--- EXERCISE PROMPT ---
Your answer must be an exact copy of the lines from the one containing "A prefeita de" through the last line of the records below, with no pictures; please include nothing else.

(Dataset items)
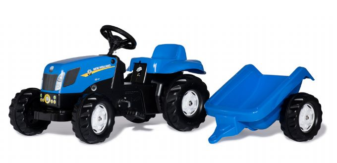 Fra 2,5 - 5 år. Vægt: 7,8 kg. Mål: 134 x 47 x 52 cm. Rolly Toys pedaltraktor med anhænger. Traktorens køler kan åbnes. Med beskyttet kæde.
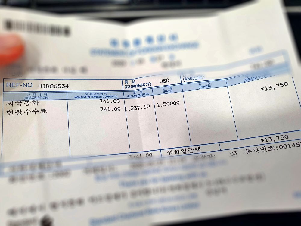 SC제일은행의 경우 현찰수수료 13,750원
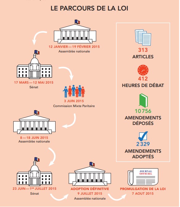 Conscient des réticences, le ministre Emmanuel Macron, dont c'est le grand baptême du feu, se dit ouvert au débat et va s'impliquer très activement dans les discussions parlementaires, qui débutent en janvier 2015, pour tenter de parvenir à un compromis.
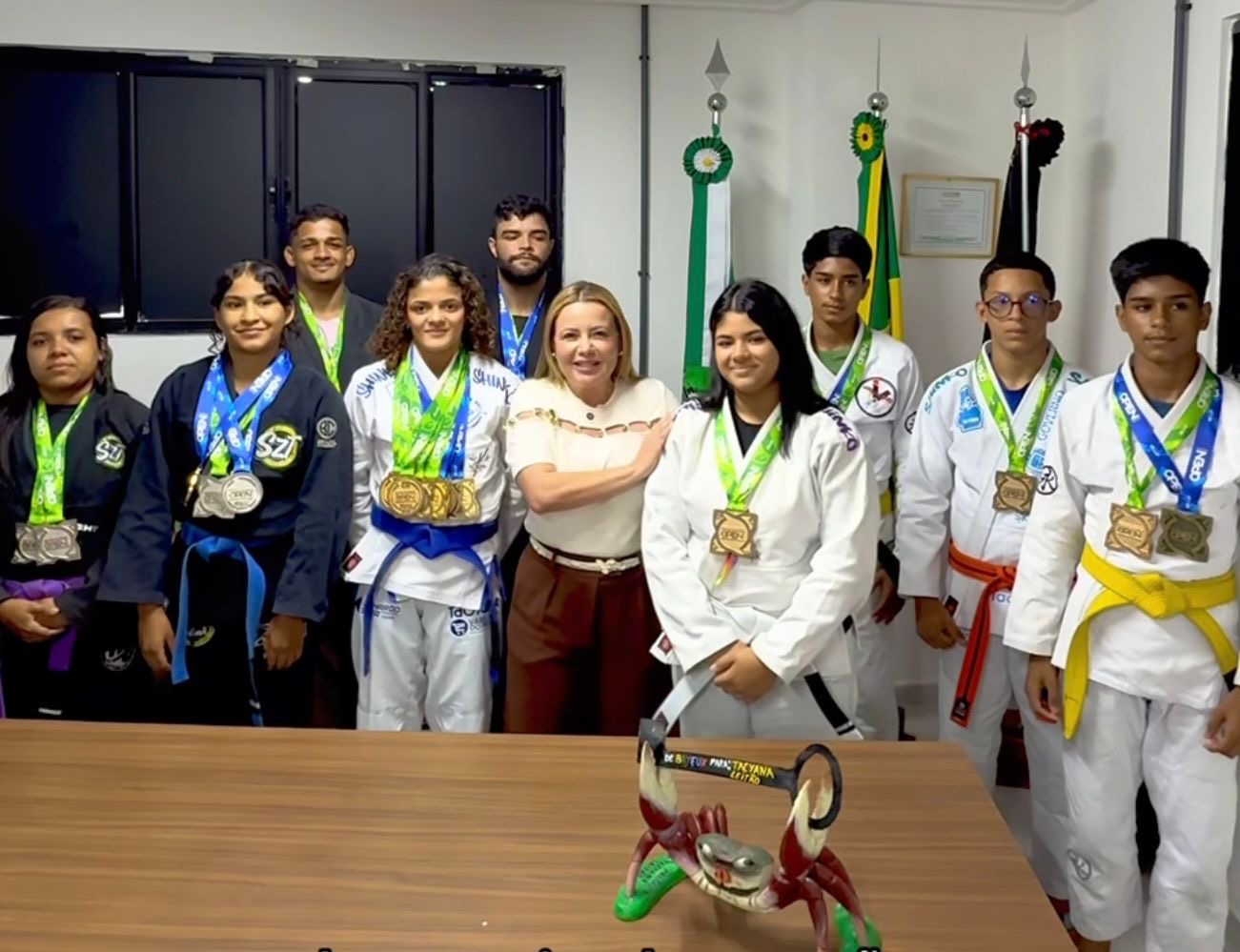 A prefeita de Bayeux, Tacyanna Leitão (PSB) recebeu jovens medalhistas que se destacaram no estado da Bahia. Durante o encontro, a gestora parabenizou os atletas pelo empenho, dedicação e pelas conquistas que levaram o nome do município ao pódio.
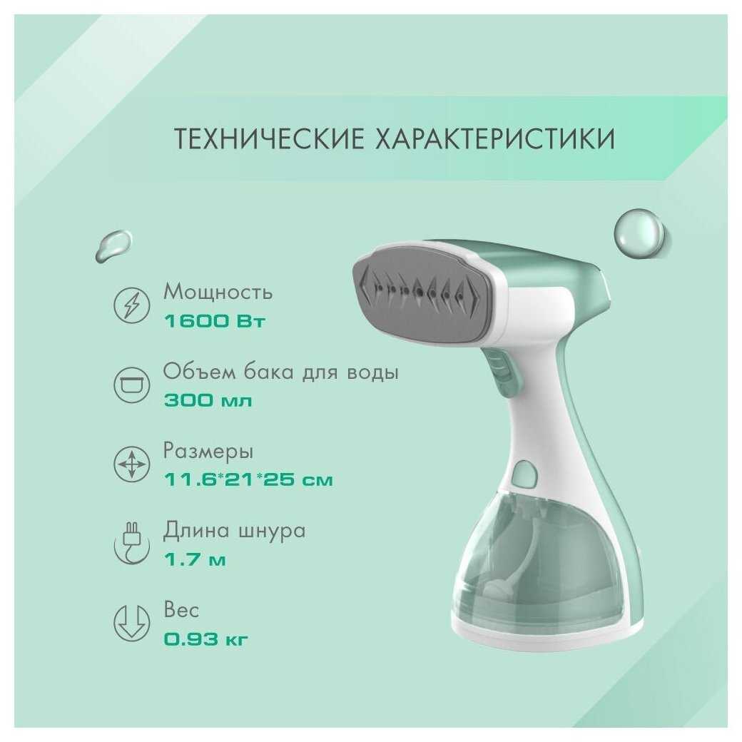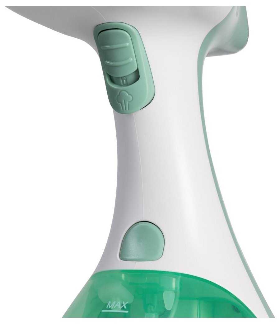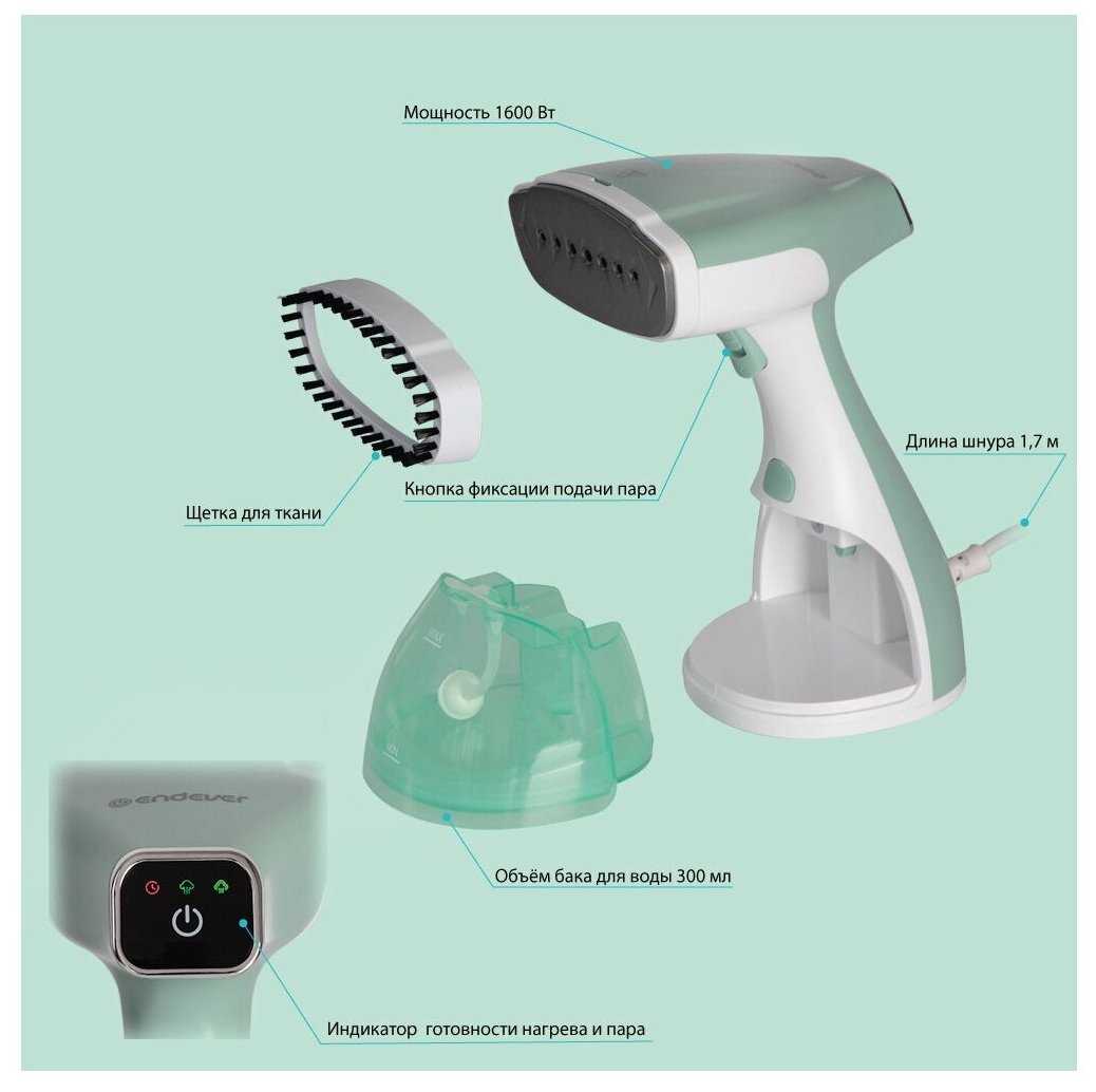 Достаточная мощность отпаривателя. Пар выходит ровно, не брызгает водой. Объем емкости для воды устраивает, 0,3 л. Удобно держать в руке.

--- OUTPUT FOR THIS EXERCISE ---
 A prefeita de Bayeux, Tacyanna Leitão (PSB) recebeu jovens medalhistas que se destacaram no estado da Bahia. Durante o encontro, a gestora parabenizou os atletas pelo empenho, dedicação e pelas conquistas que levaram o nome do município ao pódio.
 Достаточная мощность отпаривателя. Пар выходит ровно, не брызгает водой. Объем емкости для воды устраивает, 0,3 л. Удобно держать в руке.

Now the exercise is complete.